En su ensayo de 2013 sobre Marx decía que una salida de Grecia, Portugal o Italia de la eurozona produciría la fragmentación del capitalismo europeo, e insinuaba que esa situación no beneficiaría a la izquierda progresista sino más bien a los nazis de Amanecer Dorado, los diversos neofascistas y xenófobos europeos. ¿Sigue pensando que un Grexit ayudaría sin remedio a Amanecer Dorado? No me gustan las versiones deterministas de la historia. Syriza se ha convertido en una fuerza muy dominante. Si consiguiéramos arreglar la situación y tener una salida [del euro] digna, el resultado podría ser otro. Pero dudo de que seamos capaces, porque para gestionar el desplome de una unión monetaria hace falta mucha pericia, y no estoy seguro de que en Grecia la tengamos sin ayuda externa

La idea de la salida debe de haberle rondado desde el primer día... Por supuesto.

¿Se prepararon para ello? Sí y no.

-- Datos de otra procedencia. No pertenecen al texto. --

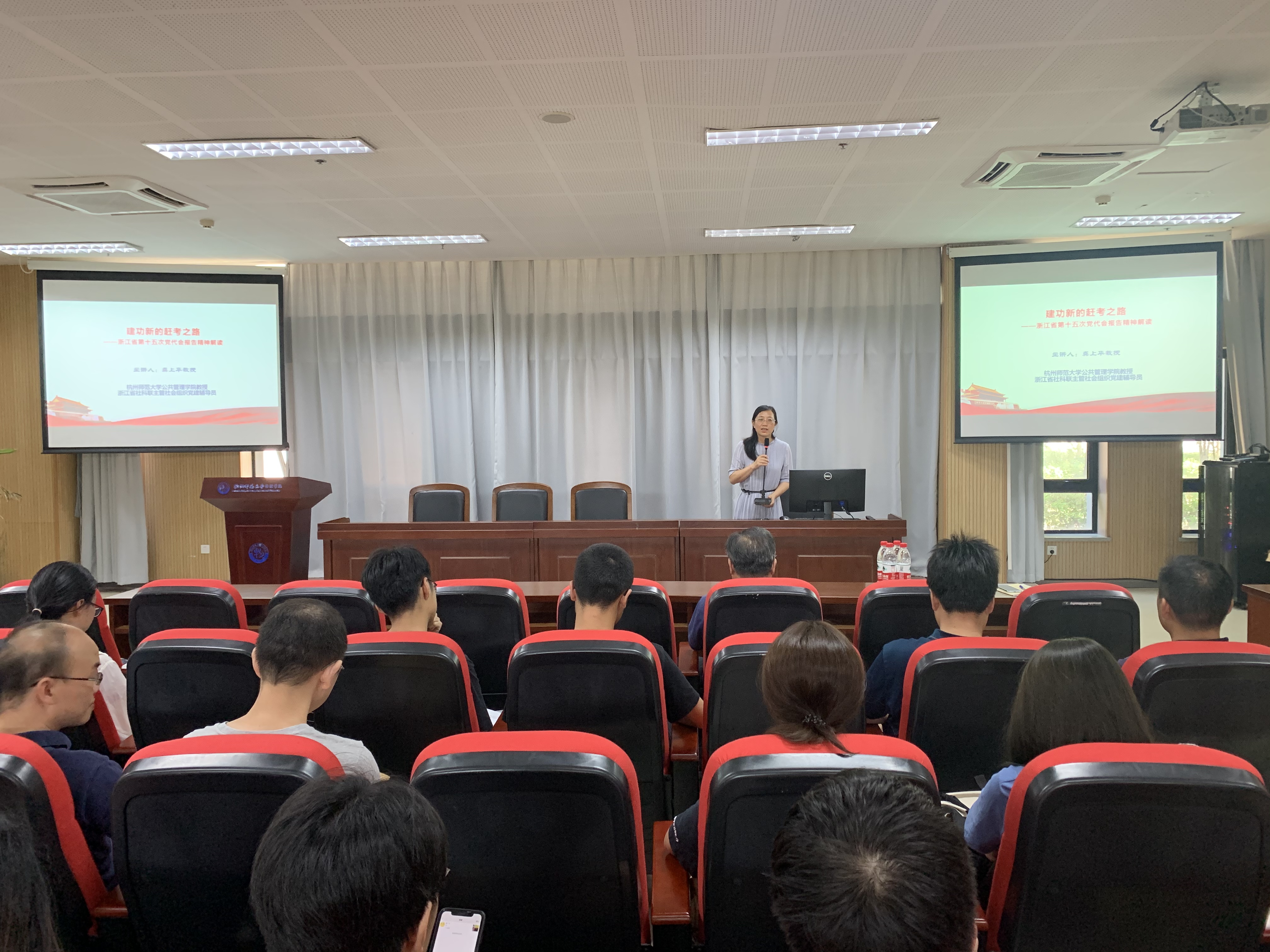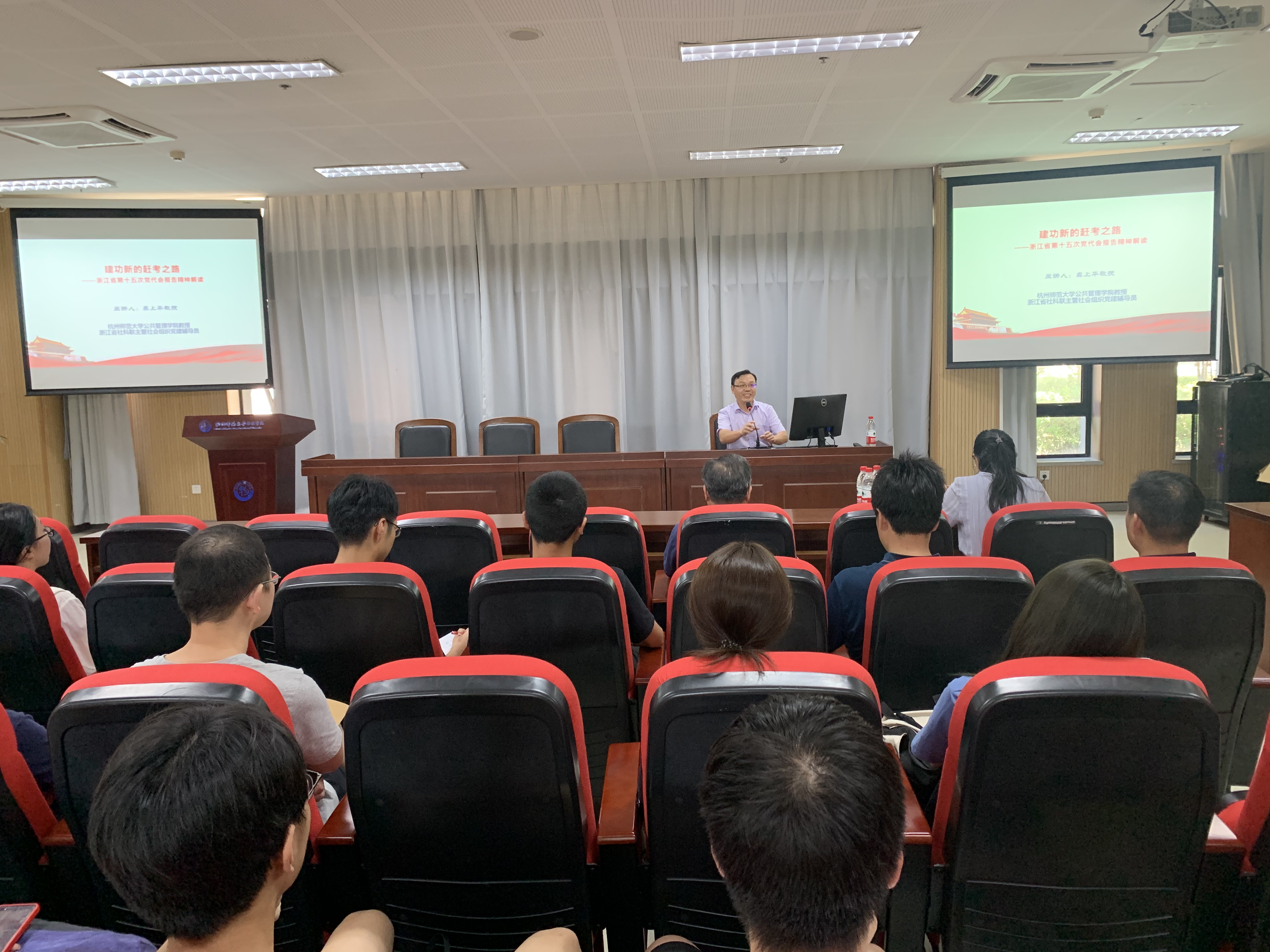 首先,浙江省社科联主管社团党建辅导员、杭州师范大学公共管理学院副院长龚上华教授以《建功新的赶考之路——浙江省第十五次党代会报告精神解读》为题,作了一次深刻的辅导报告。报告结合浙江省情与新世纪党代会省域定位,在回顾过去五年赶考成就的基础上,解码过去5年成功的“浙江密码”;更是以“28510”数字化、形象化地解读了未来五年的目标……始终紧扣“两个维护”、“两个大局”、“两个先行”三个关键词,指出唯有坚定不移沿着总书记指引的方向奋勇前进,才能闯出新路、不负使命。

Teníamos un pequeño grupo, un gabinete de guerra dentro del ministerio, unas cinco personas para preparar sobre el papel todo lo que habría que hacer. Pero una cosa es hacerlo en teoría y otra preparar al país.

Y en sus últimas semanas, ¿sintió que se dirigían hacia esa decisión? Mi opinión era que debíamos tener mucho cuidado para no activarla. No quería que se convirtiera en una profecía autocumplida. Pero también pensaba que, en cuanto el eurogrupo cerrase los bancos, deberíamos impulsar el proceso.

Es decir, había dos opciones, una salida inmediata o imprimir pagarés y hacerse con el control del Banco de Grecia, que quizá podría haber precipitado la salida. Claro, nunca pensé que debíamos abandonar directamente la moneda. Mi postura era que, si cerraban los bancos, que era una medida increíblemente fuerte y agresiva, deberíamos responder en la misma medida pero sin cruzar el punto de no retorno. Deberíamos emitir nuestros propios pagarés o anunciar la emisión de nuestra propia liquidez en euros, recortar los bonos griegos de 2012 que tenía el BCE o al menos anunciar nuestra intención de hacerlo, y hacernos con el control del Banco de Grecia. Eran mis tres medidas en caso de que el BCE cerrase nuestros bancos.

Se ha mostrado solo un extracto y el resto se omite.